### DATASET CONTENT

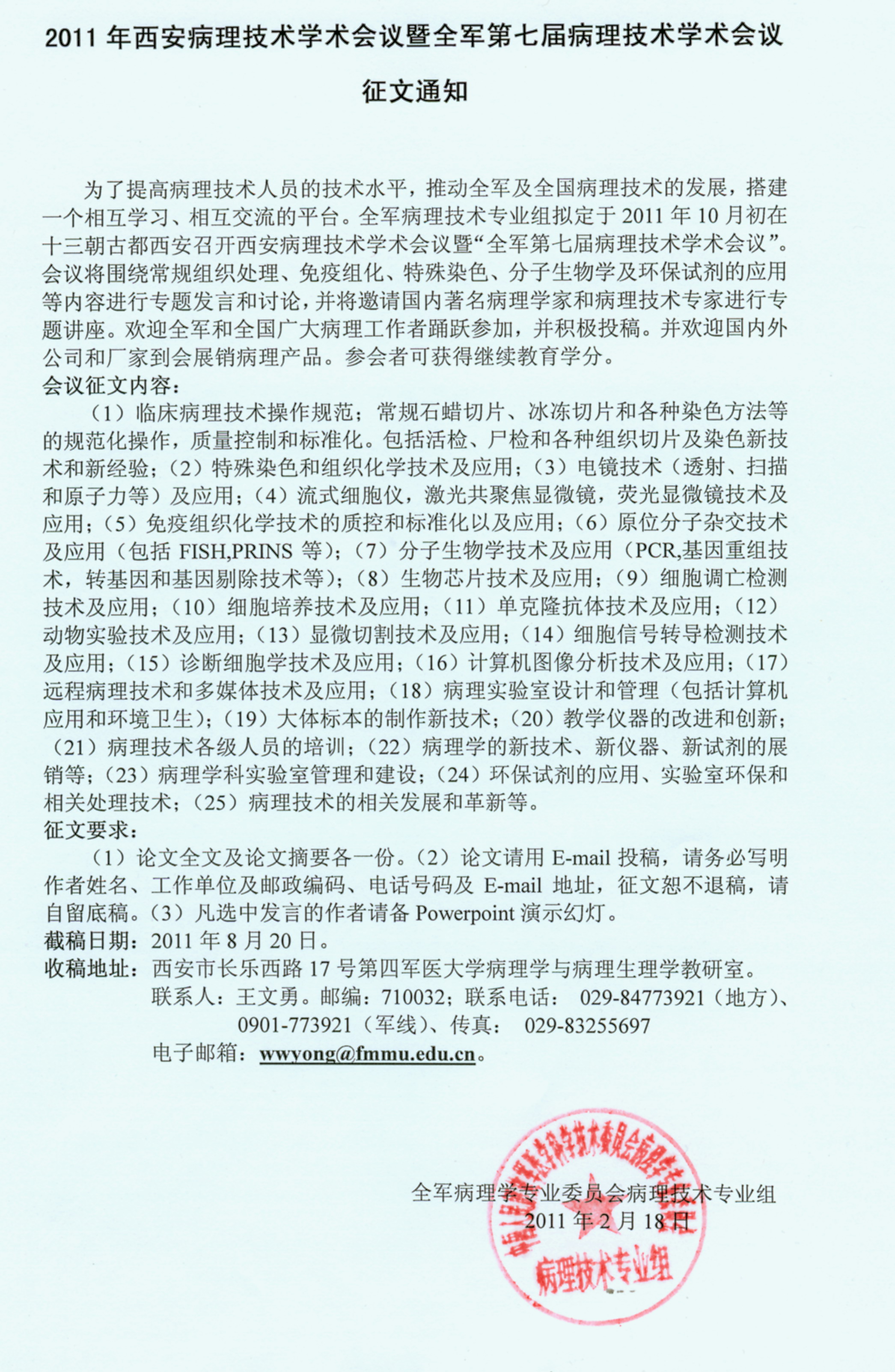 2011年西安病理技术学术会议暨全军第七届病理技术学术会议征文通知
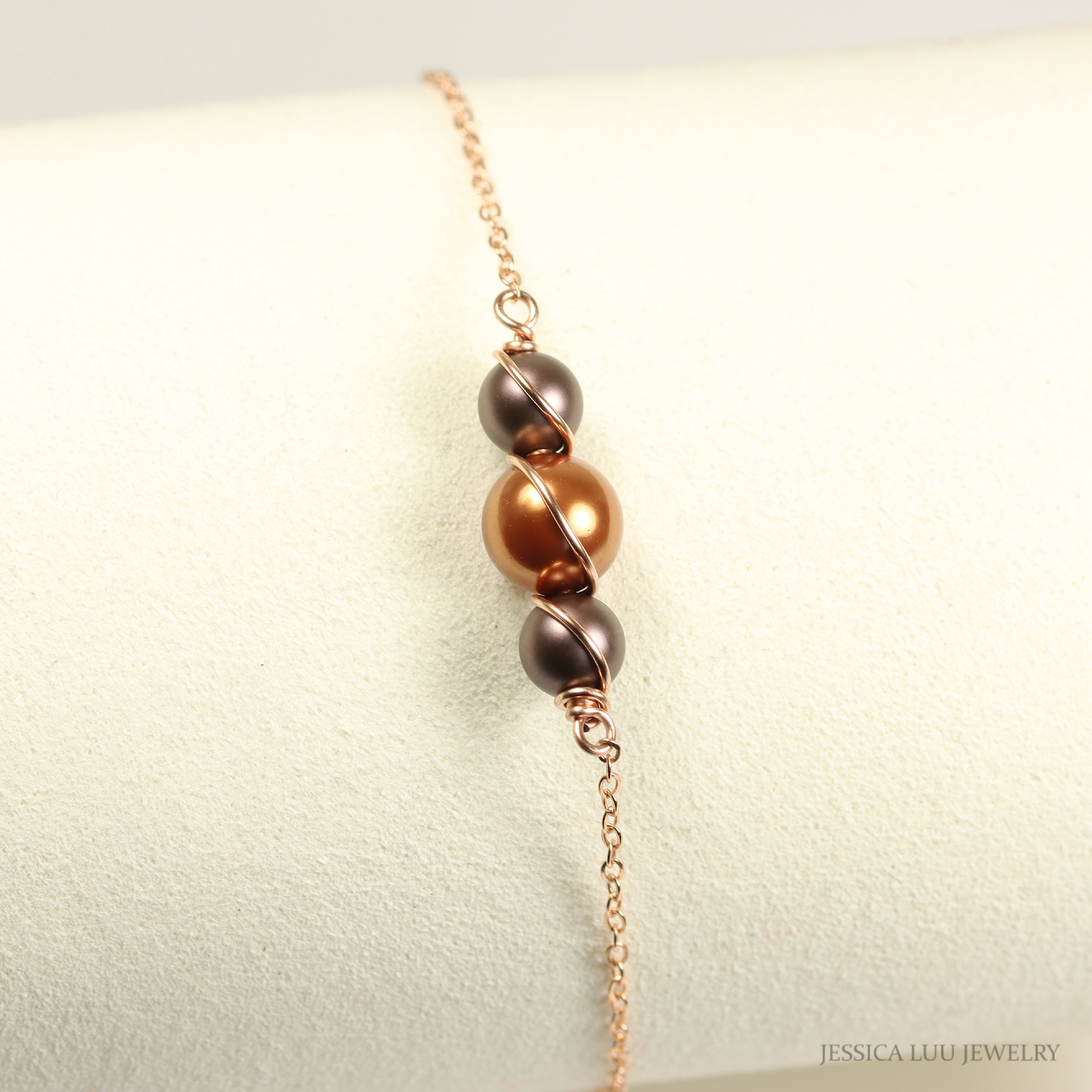 ~ Exquisite Design: Handcrafted with chocolate brown and copper colored crystal nacre pearls strung on a 14K rose gold filled chain, this bracelet exudes elegance and sophistication.
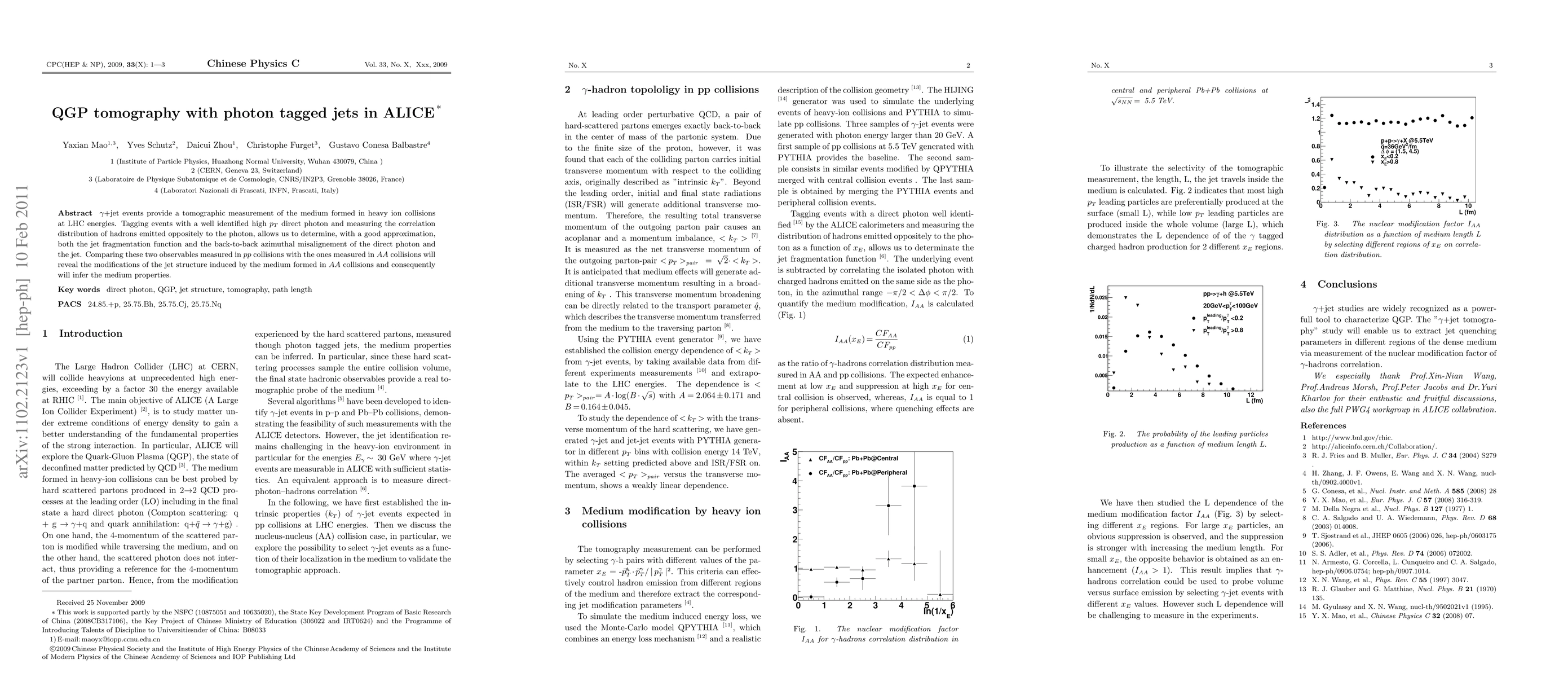 $\gamma +$jet events provide a tomographic measurement of the medium formed in heavy ion collisions at LHC energies. Tagging events with a well identified high $p_{T}$ direct photon and measuring the correlation distribution of hadrons emitted oppositely to the photon, allows us to determine, with a good approximation, both the jet fragmentation function and the back-to-back azimuthal misalignement of the direct photon and the jet. Comparing these two observables measured in $pp$ collisions with the ones measured in $AA$ collisions will reveal the modifications of the jet structure induced by the medium formed in $AA$ collisions and consequently will infer the medium properties.
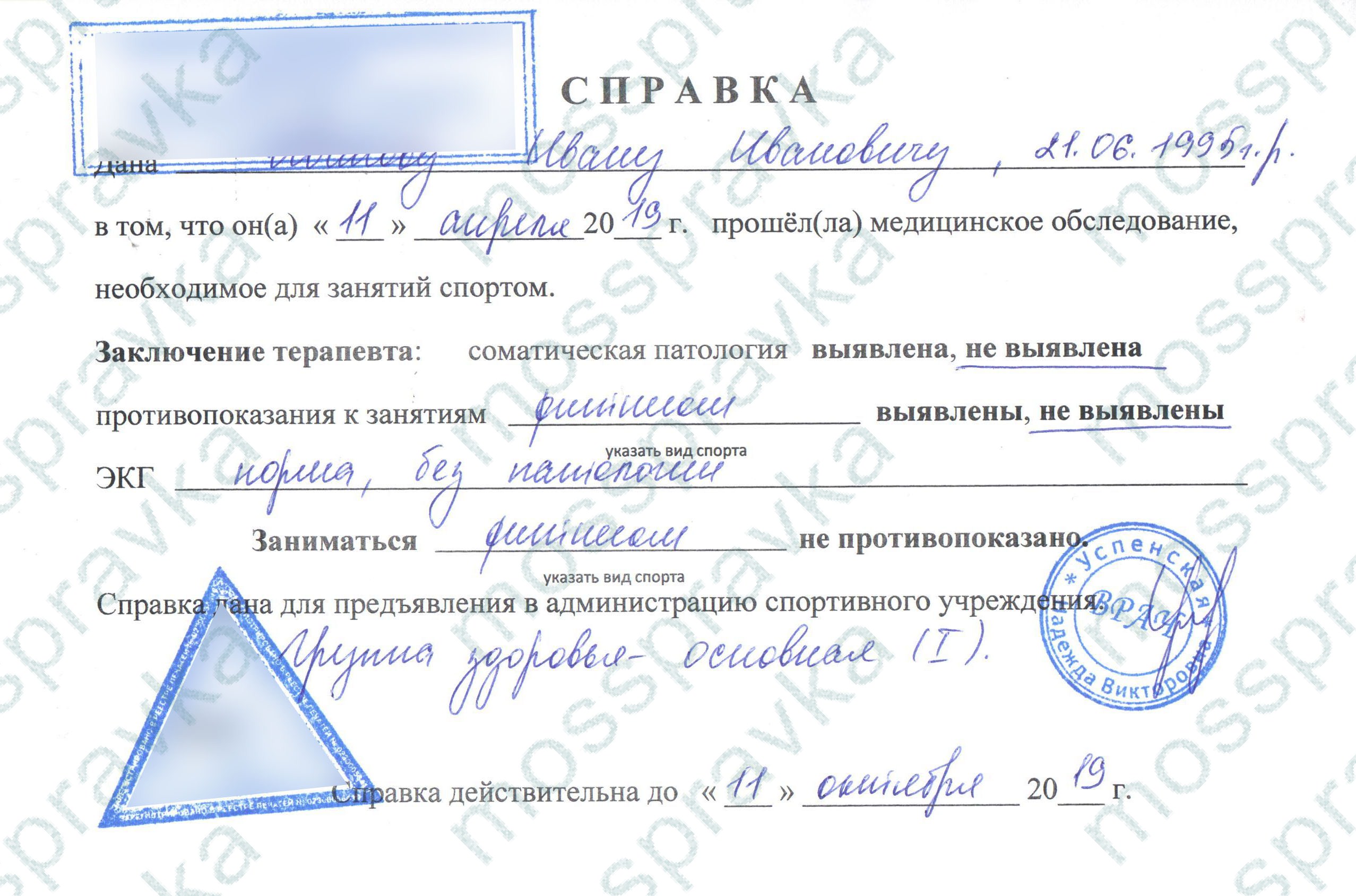 Справка о противопоказании занятий спортом или для допуска к физкультуре оформляется в любой городской поликлинике. Вы можете сходить в ту, где вы состоите. После прохождения предварительного осмотра надо пройти полное обследование, после чего врач выдает физкультурную справку о группе здоровья, подтверждающая определенное состояние здоровья. Данная справка действует в течение года. Ее можно предъявить в учебном заведении, например, в дошкольном. Если у врача будет подозрение на заболевание, то отправит к следующим специалистам:
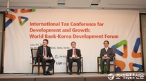 (조세금융신문=전한성 기자) '국제조세 컨퍼런스 - 개발과 지속가능한 성장을 위한 조세정책 컨퍼런스'가 4일 오전 서울 중구 소공로 웨스틴조선호텔에서 개막한 가운데 제임스 브럼비(왼쪽부터) 세계은행 국장, 문창용 기획재정부 세제실장, 김준경 KDI 원장이 나란히 앉아 있다.이번 컨퍼런스는 기획재정부가 세계은행(WB)과 공동으로 4일부터 이틀 간 진행하며, 문창용 세제실장의 개회사를 시작으로 최근의 조세개혁 이슈와 방향을 논의하고각국의 조세개혁 사례도 논의된다.
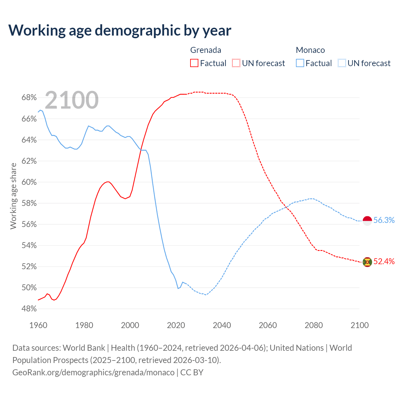 - Grenada has 80.2K working age adults (aged 15-64) vs 19.2K in Monaco.
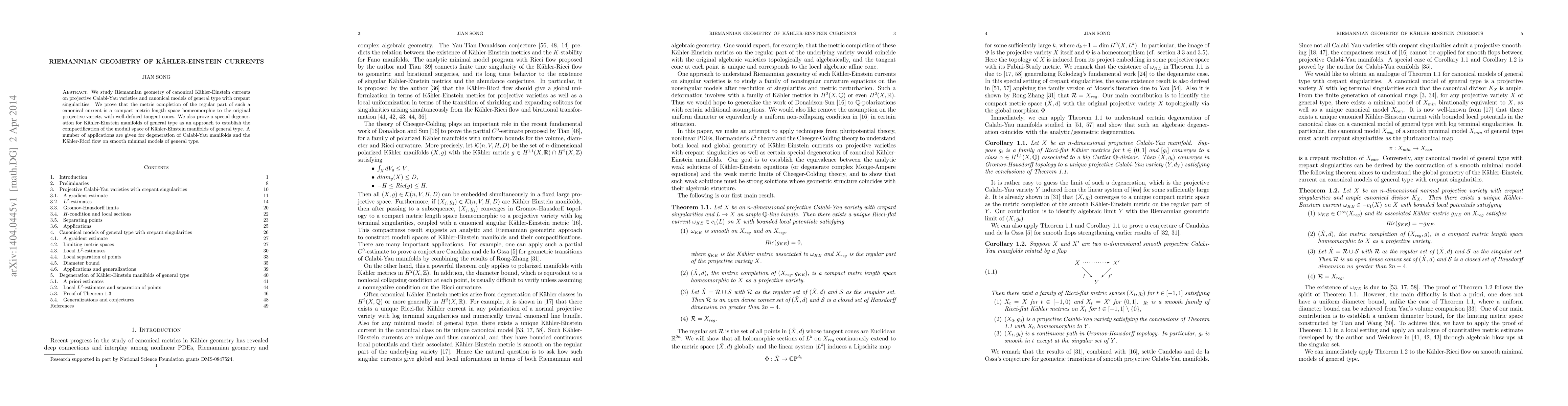 This research explores the Riemannian geometry of Kahler-Einstein currents on specific projective varieties. It proves the metric completion of these currents' regular parts forms compact spaces homeomorphic to the original variety, with defined tangent cones. The study also presents a special degeneration method for Kahler-Einstein manifolds of general type, aiming to compactify their moduli space, with applications in Calabi-Yau manifold degeneration and Kahler-Ricci flow on minimal models of general type.

######

ABOUT THIS TASK: Your reply should consist solely of the lines above, from the opening line through the line with "elegance and sophistication.", reproduced exactly and without pictures.

TASK SOLUTION:
 2011年西安病理技术学术会议暨全军第七届病理技术学术会议征文通知
 ~ Exquisite Design: Handcrafted with chocolate brown and copper colored crystal nacre pearls strung on a 14K rose gold filled chain, this bracelet exudes elegance and sophistication.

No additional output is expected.